In 1973, after the Steelers posted a 10-4 record and earned a Wild Card berth in the playoffs, Rooney was named The Sporting News NFL Executive of the Year, an honor voted on by the NFL's general managers. Dan's response upon learning of the honor was, "You're kidding," as he thought someone was pulling his leg. Suddenly, the reserved "behind-the-scenes guy" was front and center and being acknowledged by his peers for the near miraculous turnaround of the Steelers' franchise. "I think it was a combination of things, people, and timing," he humbly offered.

"It was Chuck Noll coming at the right time, Artie's (Art Rooney, Jr.) work with personnel, the new stadium. It might have happened with any one of them - but it did happen with that combination."

The turnaround continued in 1974 as the Steelers won the first of six consecutive AFC Central titles and the first of four Super Bowls. 

In 1975, after 20 years of working in nearly every conceivable capacity Dan Rooney was "officially" named president of the Steelers. "When I became president in 1975, not much changed," he claimed, still trying to deflect credit. Rather than accept the responsibility for the team's successes, Dan preferred to remind people of his father's accomplishments.

"From day one until this day," he told an interviewer in 1987, "my father set the tone on how the Steelers operate. He is a people person. He has always said what the people think is important, and that we have to think that way. He very much felt that everyone was his equal and that they should be treated that way, players, coaches, girls in the office, everybody. You must treat people with respect. Hopefully, some of that has rubbed off on me and I follow that."
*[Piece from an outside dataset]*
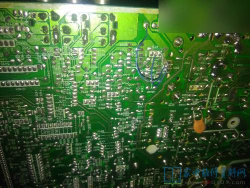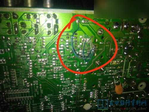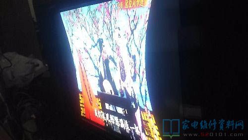 测量校正管供电电压,无供电电压。断开测量供电电阻的电压是将近40V。拆掉校正管测量引脚发现供电引脚的铜皮断了。经测量除了上面的接地脚没有断,其他两个眼角全部断了,然后用导线进行跳线,将电路复位,开机试机电视机正常到此维修结束。此机是一机多病。之前用户描述电视机就会出现图像放大。用户描述的应该是上面的场效应管损坏导致的图像放大。之所以出现枕形失真的话,可能在维修的过程中,翻板子的时候本身就接触不良,然后铜皮断了。

At the same time Rooney was using his formidable skills to mold a model sports franchise, he also emerged as one of the most active figures in NFL operations. His league functions have included membership on the board of directors for the NFL Trust Fund, NFL Films, and the Scheduling Committee. 
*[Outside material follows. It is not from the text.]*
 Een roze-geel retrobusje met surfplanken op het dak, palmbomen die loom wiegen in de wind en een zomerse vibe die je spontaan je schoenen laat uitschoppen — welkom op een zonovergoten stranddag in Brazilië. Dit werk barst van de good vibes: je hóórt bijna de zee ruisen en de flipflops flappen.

In 1973, he was appointed Chairman of the league's Expansion Committee that added Seattle and Tampa Bay to the NFL in 1976. He was named Chairman of the Negotiating Committee in 1976, and in 1982 he contributed to the negotiations for the Collective Bargaining Agreement for NFL owners and the Players Association. Recognized by both sides for his patience and reasonable voice of moderation, he again played a key role in the labor agreement reached in 1993 between the NFL owners and players. He is currently a member of the eight-person Management Council Executive Committee and the Hall of Fame Committee, the NFL Properties Executive Committee, and the Player/Club Operations Committee. 

"They put him in areas where they need a little leadership, and he seems to have the ability to get people to cooperate," said former New York Giants general manager George Young. "He has great credibility."

A humble family man that shies away from attention, Dan Rooney has not let success change him or influence his values. Although he may not be as publicly outgoing as his father, who passed away in 1988 was, Rooney remains one of Pittsburgh's most involved executives in civic affairs. He serves on the boards of the United Way of America, the American Diabetes Association, the Pittsburgh History and Landmarks Foundation, Presbyterian University Hospital, Duquesne University, and The American Ireland Fund.

Dan Rooney's contributions to pro football, the Steelers, and the city of Pittsburgh are many. Although he is proud of his accomplishments he rarely sites them. Still, his false modesty has not prevented the civic and sports communities and in particular, the Pro Football Hall of Fame's Board of Selectors, from recognizing his innumerable achievements. With his election to the Hall of Fame, Dan Rooney joined not only his father, but also an elite fraternity of men who individually and collectively represent the best the sport has offered.

The success of the Steelers organization continues today. The franchise added two more Super Bowl championships following Rooney's election to the Pro Football Hall of Fame.